- Born: Merril Henry Williams October 26, 1912 Indianapolis, Indiana, U.S.
- Died: April 28, 1982 (aged 69) Richmond, Indiana, U.S.

Champ Car career
- 4 races run over 12 years
- First race: 1936 Indianapolis 500 (Indianapolis)
- Last race: 1948 Indianapolis 500 (Indianapolis)
| Wins | Podiums | Poles |
| 0 | 0 | 0 |

= Doc Williams (racing driver) =

American racing driver (1912–1982)

Merril Henry "Doc" Williams (October 26, 1912 – April 28, 1982) was an American racing driver.

== Racing career ==

Williams attempted to qualify for the Indianapolis 500 every year from 1933 to 1941 but only succeeded in qualifying in 1936, 1940, and 1941. When the race returned in 1946 after the Second World War, Williams again failed to qualify.

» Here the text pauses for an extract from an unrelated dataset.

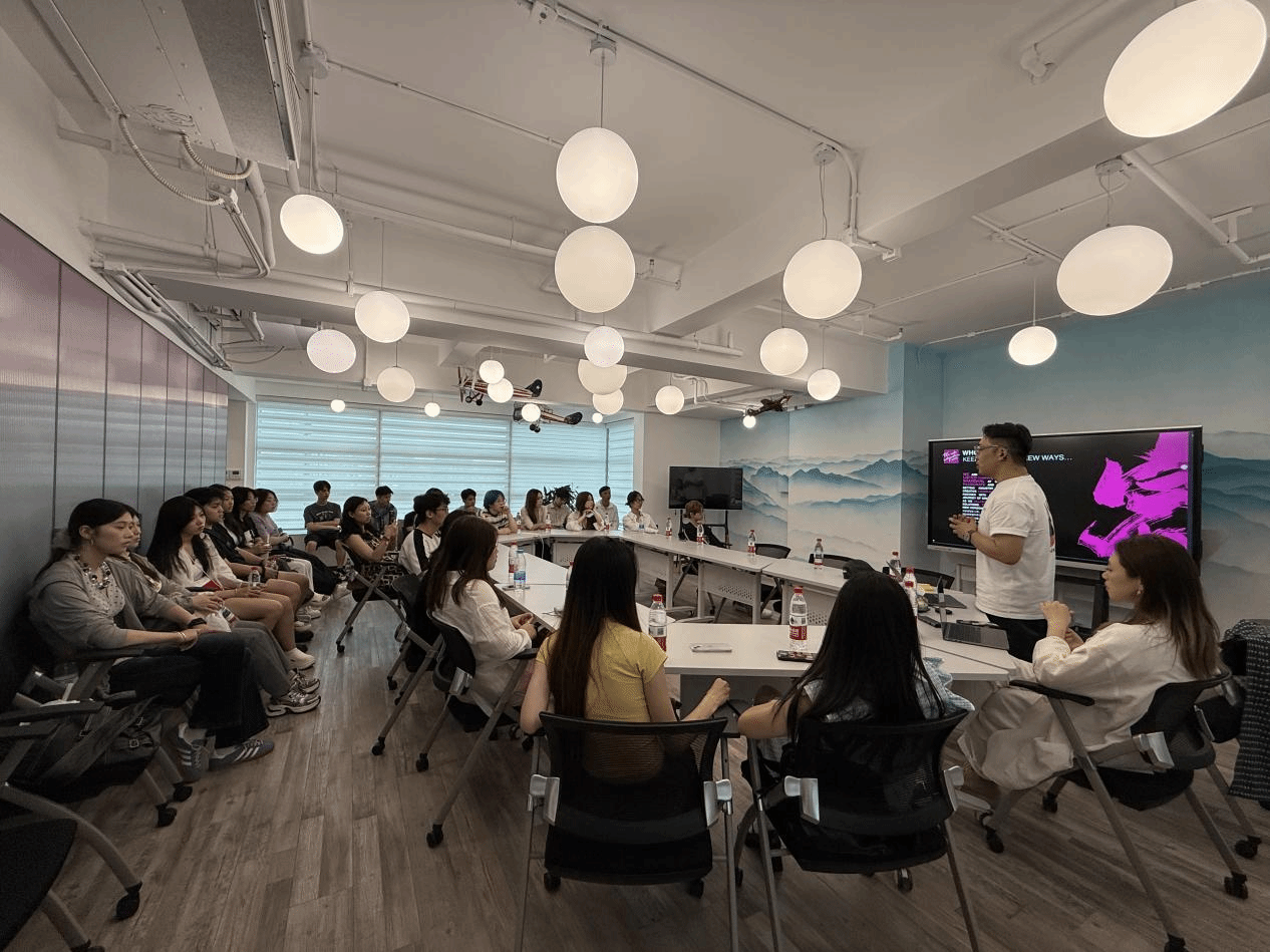 师生们实地走访了上海剧星传媒、上海悦普广告集团、广州甲乙品牌数字营销、广州太平网联、深圳蓝色光标数字营销、深圳光禾品牌设计等多家知名上市企业。企业设计总监及人力资源负责人为同学们带来了精彩的专业讲座,尤其是人工智能与数字化的运用经验、方法和技巧,还结合实际案例,深入浅出地解析了设计在商业应用中的核心价值和挑战。他们鼓励同学们勇于尝试最新AI技术和材料,不断突破传统设计边界,追求设计的创新性和独特性。通过面对面的互动交流,同学们不仅解答了长期以来的困惑,还获得了许多灵感和启发,对视觉传达设计未来发展的认识更加全面和深刻。多名同学现场投递简历,并成功获得实习录用机会。

In 1947, he qualified a Novi powered Kurtis but it was driven by Herb Ardinger, who finished fpurth, completing all 200 laps. He qualified again in 1948 but was knocked out of the race after 19 laps. He failed to qualify in 1949 and it was the end of his Championship car career. Williams did not attempt to qualify for any Championship Car races other than the Indianapolis 500.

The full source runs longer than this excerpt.